We all know that this isn’t exactly breaking news. It’s no secret that Hollywood, like most college campuses and American newsrooms, is a liberal institution dedicated to perpetuating liberal ideas and values.
But it’s not a good thing when liberals forget what it means to be liberal and try to silence, one way or another, conservative voices. One entertainment writer told me, over a meal of enchiladas and tacos at El Coyote (a Mexican restaurant in LA that opened in 1931) that libs in Hollywood don’t believe in free speech. That’s a tad over the top, but I know what he’s talking about. So does Pat Boone.
Mr. Boone, who is 84 years old and an out-of-the-closet conservative says, “There used to be more of us. Tom Selleck, Jon Voight, Bruce Willis, who were outspoken, but they’ve been browbeaten and ridiculed, which is the main instrument on the left to shut us up.”

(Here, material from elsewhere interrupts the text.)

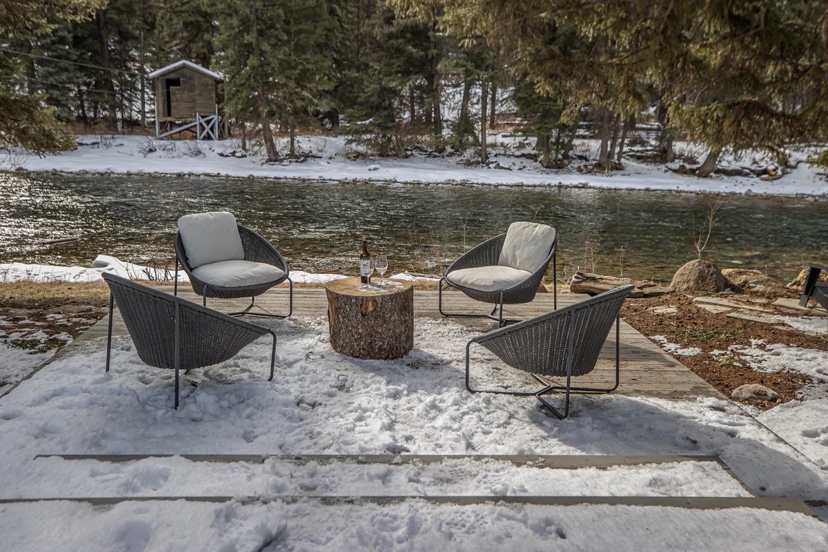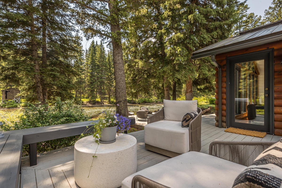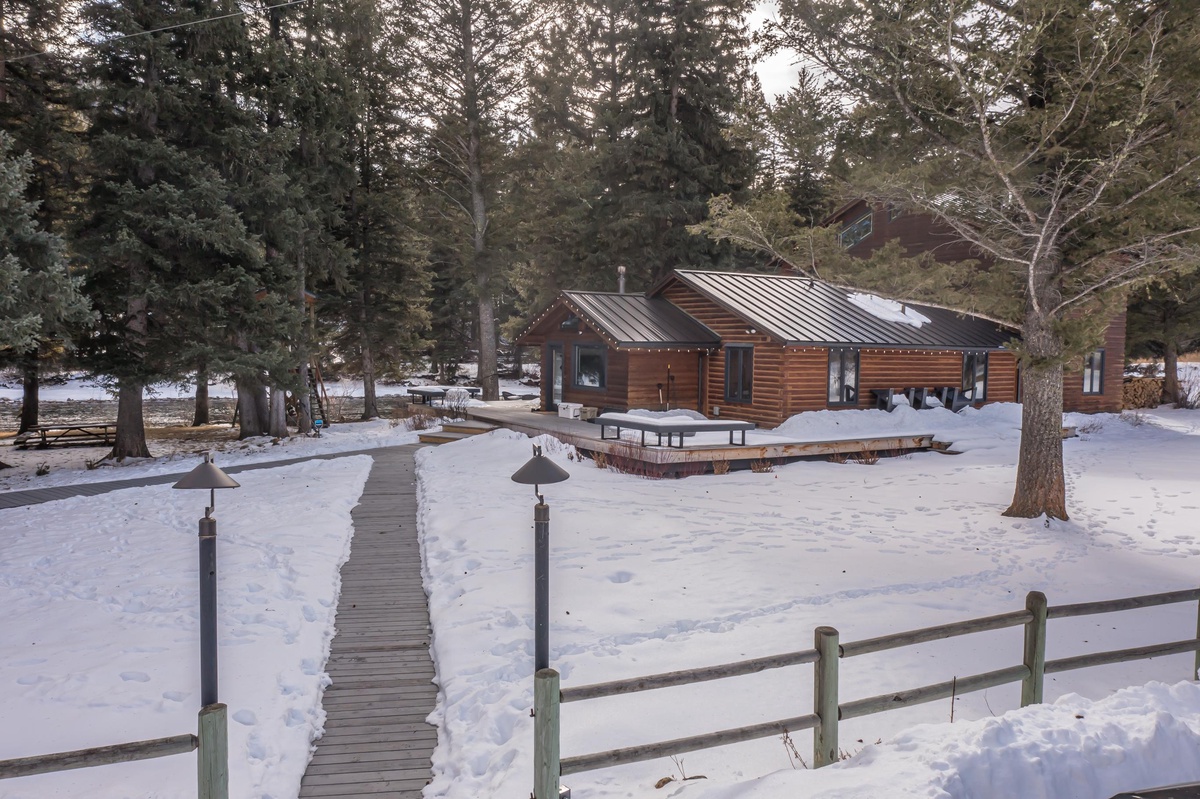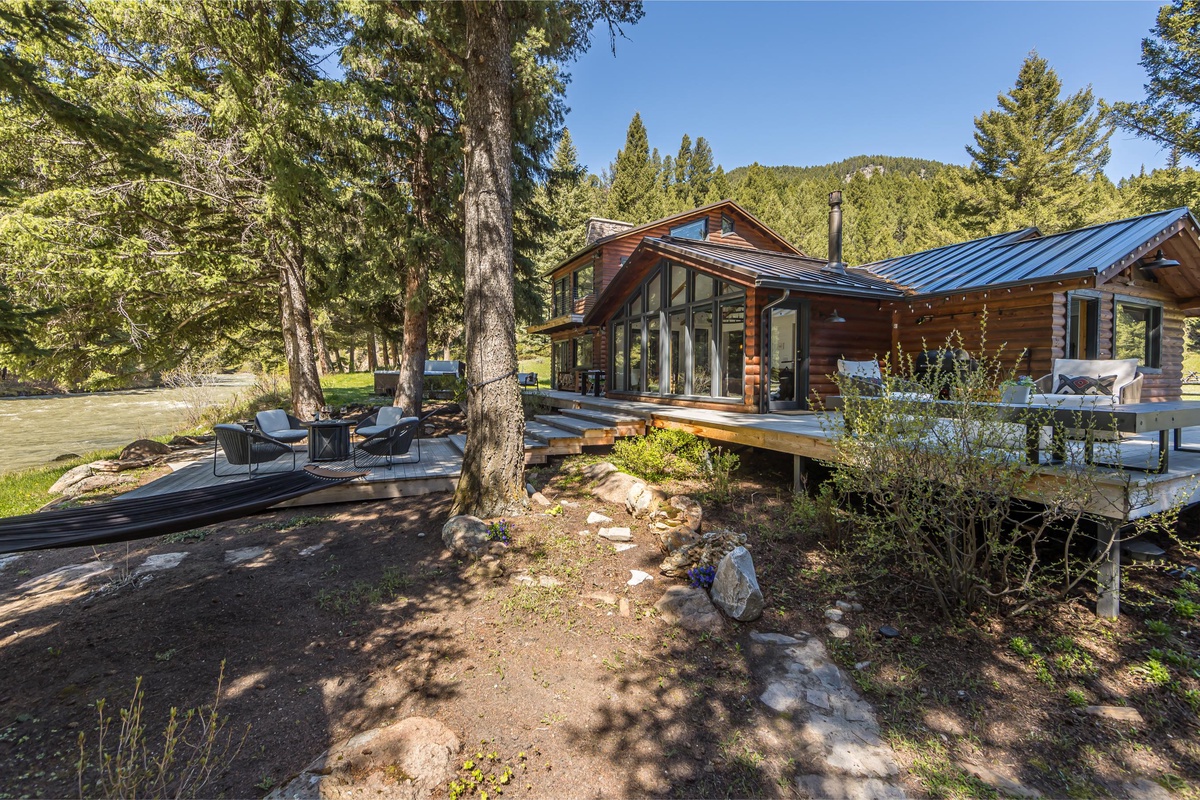 Sink into serenity at Riverbend Haven, a custom built riverfront estate on the Gallatin River in Big Sky. Spanning over seven acres, this expansive property boasts the Main House featuring three bedrooms and is complemented by a Guest House hosting two more bedrooms, sleeping 11 total guests throughout both houses. This unique property showcases sweeping mountain views and unbeatable riverfront access while also featuring luxe and thoughtful interior design and can host year-round fun for your group. In the warmer months, enjoy easy fishing access on the Gallatin River, nearby hiking & mountain biking, and proximity to Yellowstone National Park. In winter, Riverbend Haven is just a short drive to Big Sky Resort, offering world class skiing, snowboarding, and other winter activities.

This is a town that makes movies that nicely fit into the liberal consciousness of the community – movies about pedophile priests (Spotlight) about the evils of cigarettes (The Insider), about the dangers of nuclear energy (Silkwood, China Syndrome), about climate change (The Day After Tomorrow) about racism (most recently BlacKkKlansman and Green Book) about a prominent martyred gay man (Milk), about exploited women (Erin Brockovich, to name just one), and a movie about a detested (by the left) political bogeyman, Dick Cheney (Vice).
And I’m glad Hollywood made every one of those movies. We need movies that reveal points of view that we should hear and think about.
But if the creative community out here wants to show us how open-minded it is, let me help by suggesting a few movies that don't quite fit the liberal template.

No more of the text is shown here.